**About this exercise**. Could the listing below be returned exactly, with its pictures left out?

**Recorded information**.
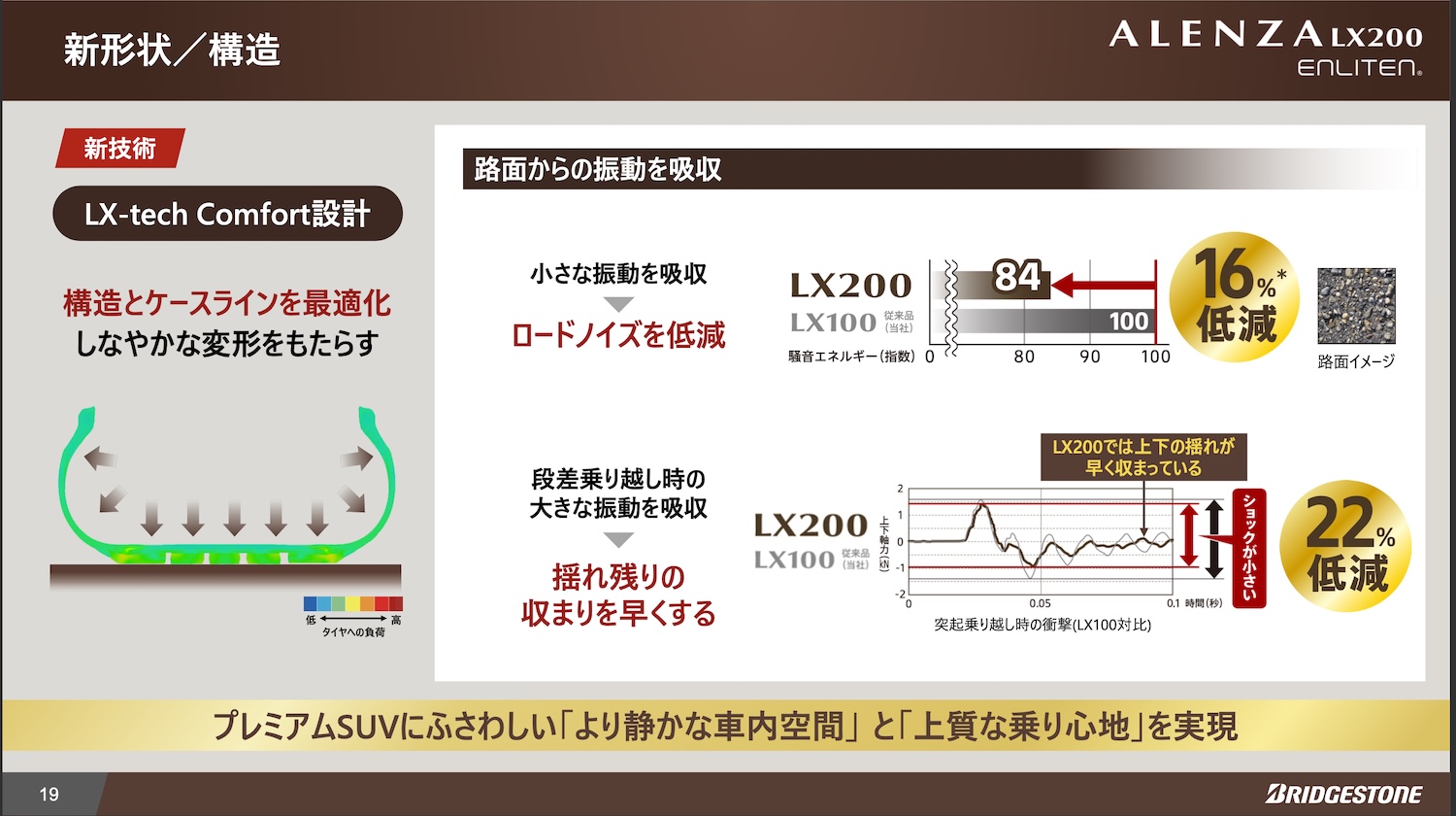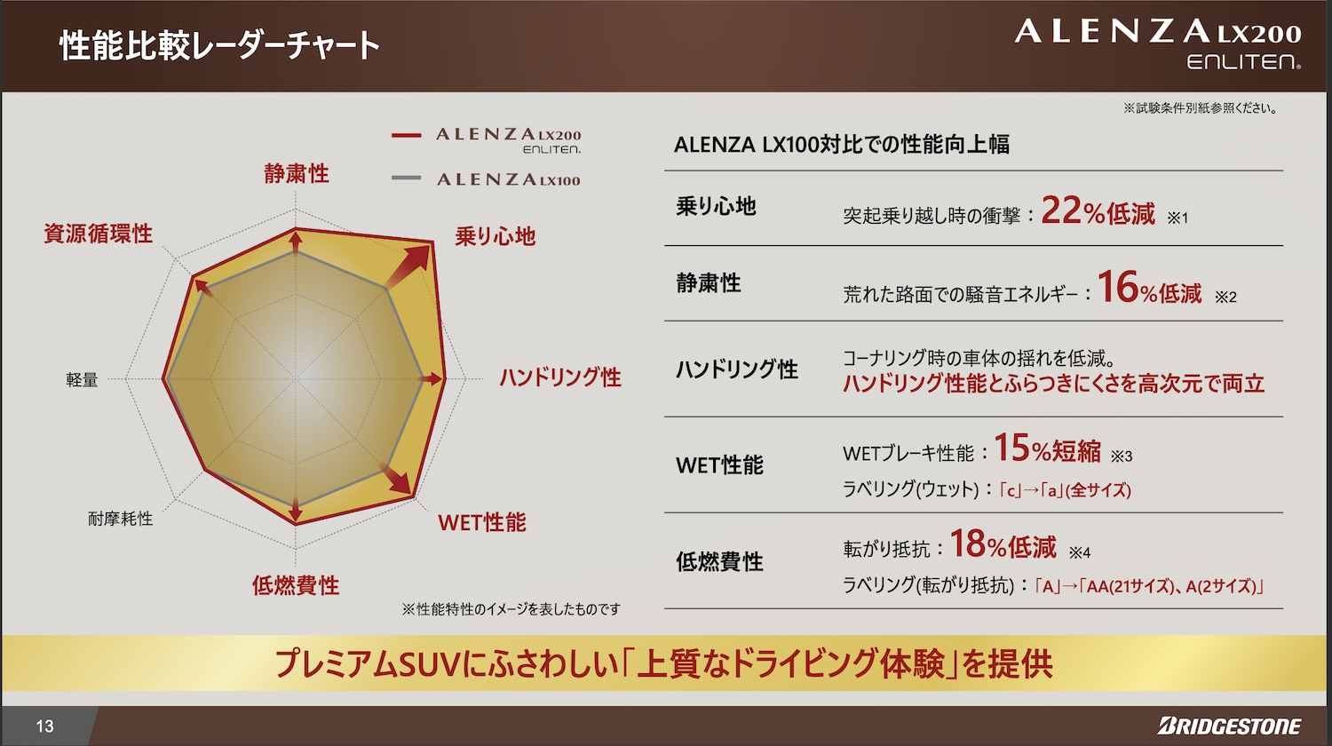 ブリヂストンのSUV向けプレミアム・コンフォートタイヤ「アレンザ」の第2世代がデビューした。初代のアレンザLX100の後継モデル「アレンザLX200」は、ブリヂストンのタイヤ基盤技術であるENLITEN(エンライトン)をベースに、より上質な乗り心地や静粛性を高めて登場した。
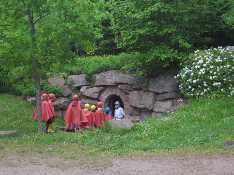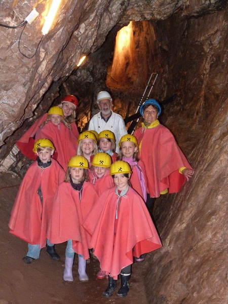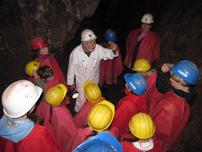 Um festes Schuhwerk wird gebeten, ebenso sollten Sie sich hier warm anziehen. Es wird kalt - die Stollentemperatur beträgt gerade einmal 8°C. Helme und Umhänge erhalten Sie dann vor Ort. Bitte beachten Sie, dass der Stollen zur Zeit noch nicht mit dem Rollstuhl befahren werden kann.
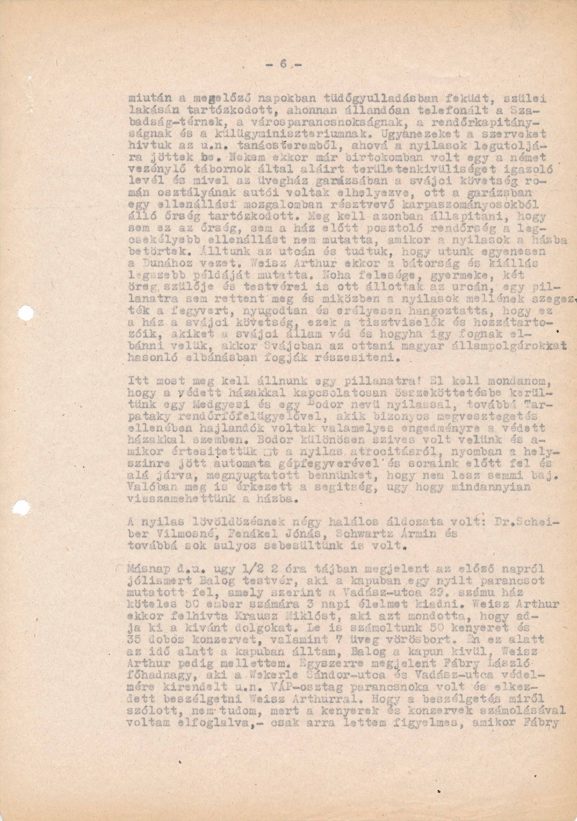 jöjjön velem nyugodtan Weiss úr, mire én héberül odaszóltam Weisz Arthurnak, hogy ne menjen. Erre ő fölényesen legyintett. Fábry ezután beültette Weiss Arthurt autójába, Balog pedig ellenkező irányban távozott. Tíz perc múlva már visszajött azzal, hogy tiszt becsületszavára kijelenti, miszerint Weiss Arthur 5 órakor odahaz lesz. Mint később kiderült, átadta Balognak, aki a Városház utca 14-be vitte, onnan pedig valószínűleg a Dunába. Amikor Fábry állítólag értement a Városház utcába, ott azt mondották neki, hogy elengedték Weiss Arthurt. Ezzel a Vadász utcában napról-napra fokozódott a pánik, ami két nap alatt elérte tetőpontját és azután azostrom egyéb izgalmai miatt teljesen el is múlt. Ezután a nyilasok még vagy kétszer jöttekélelmiszerekért, minden alkalommal azonban már a kapuban kiabálták, hogy egy zsidónak sem lesz semmi baja, csupán ennivalóért jöttek. Természetes, hogy készséggel adtunk nekik enni, mintsem, hogy bajunk történjék. Január 6-án délután történt, hogy Fränkl Jenő valamiért egy futárt küldött ki, akit a ház előtt Pálóczy színészből lett nyilas detektív igazoltatott és miközben igazoltatták, a fiú kiabált, hogy innen jött ki a Vadász utcából, futár vagyok - ebben a pillanatban futott a követség elé a követség autója, amelyből Gedeon Andor és Szemere Tibor tisztviselők szálltak ki, míg Hunwald Szimcha chavér, aki Kühne János néven volt a követség tisztviselője, a kocsiban maradt. Gedeon bejött a kapun, ebben a pillanatban Szemere észrevette már a kapuban állva, hogy a futár szalad a követség felé. Egy lövés dördült el és a fiú

**Written solution**.
 ブリヂストンのSUV向けプレミアム・コンフォートタイヤ「アレンザ」の第2世代がデビューした。初代のアレンザLX100の後継モデル「アレンザLX200」は、ブリヂストンのタイヤ基盤技術であるENLITEN(エンライトン)をベースに、より上質な乗り心地や静粛性を高めて登場した。
 Um festes Schuhwerk wird gebeten, ebenso sollten Sie sich hier warm anziehen. Es wird kalt - die Stollentemperatur beträgt gerade einmal 8°C. Helme und Umhänge erhalten Sie dann vor Ort. Bitte beachten Sie, dass der Stollen zur Zeit noch nicht mit dem Rollstuhl befahren werden kann.
 jöjjön velem nyugodtan Weiss úr, mire én héberül odaszóltam Weisz Arthurnak, hogy ne menjen. Erre ő fölényesen legyintett. Fábry ezután beültette Weiss Arthurt autójába, Balog pedig ellenkező irányban távozott. Tíz perc múlva már visszajött azzal, hogy tiszt becsületszavára kijelenti, miszerint Weiss Arthur 5 órakor odahaz lesz. Mint később kiderült, átadta Balognak, aki a Városház utca 14-be vitte, onnan pedig valószínűleg a Dunába. Amikor Fábry állítólag értement a Városház utcába, ott azt mondották neki, hogy elengedték Weiss Arthurt. Ezzel a Vadász utcában napról-napra fokozódott a pánik, ami két nap alatt elérte tetőpontját és azután azostrom egyéb izgalmai miatt teljesen el is múlt. Ezután a nyilasok még vagy kétszer jöttekélelmiszerekért, minden alkalommal azonban már a kapuban kiabálták, hogy egy zsidónak sem lesz semmi baja, csupán ennivalóért jöttek. Természetes, hogy készséggel adtunk nekik enni, mintsem, hogy bajunk történjék. Január 6-án délután történt, hogy Fränkl Jenő valamiért egy futárt küldött ki, akit a ház előtt Pálóczy színészből lett nyilas detektív igazoltatott és miközben igazoltatták, a fiú kiabált, hogy innen jött ki a Vadász utcából, futár vagyok - ebben a pillanatban futott a követség elé a követség autója, amelyből Gedeon Andor és Szemere Tibor tisztviselők szálltak ki, míg Hunwald Szimcha chavér, aki Kühne János néven volt a követség tisztviselője, a kocsiban maradt. Gedeon bejött a kapun, ebben a pillanatban Szemere észrevette már a kapuban állva, hogy a futár szalad a követség felé. Egy lövés dördült el és a fiú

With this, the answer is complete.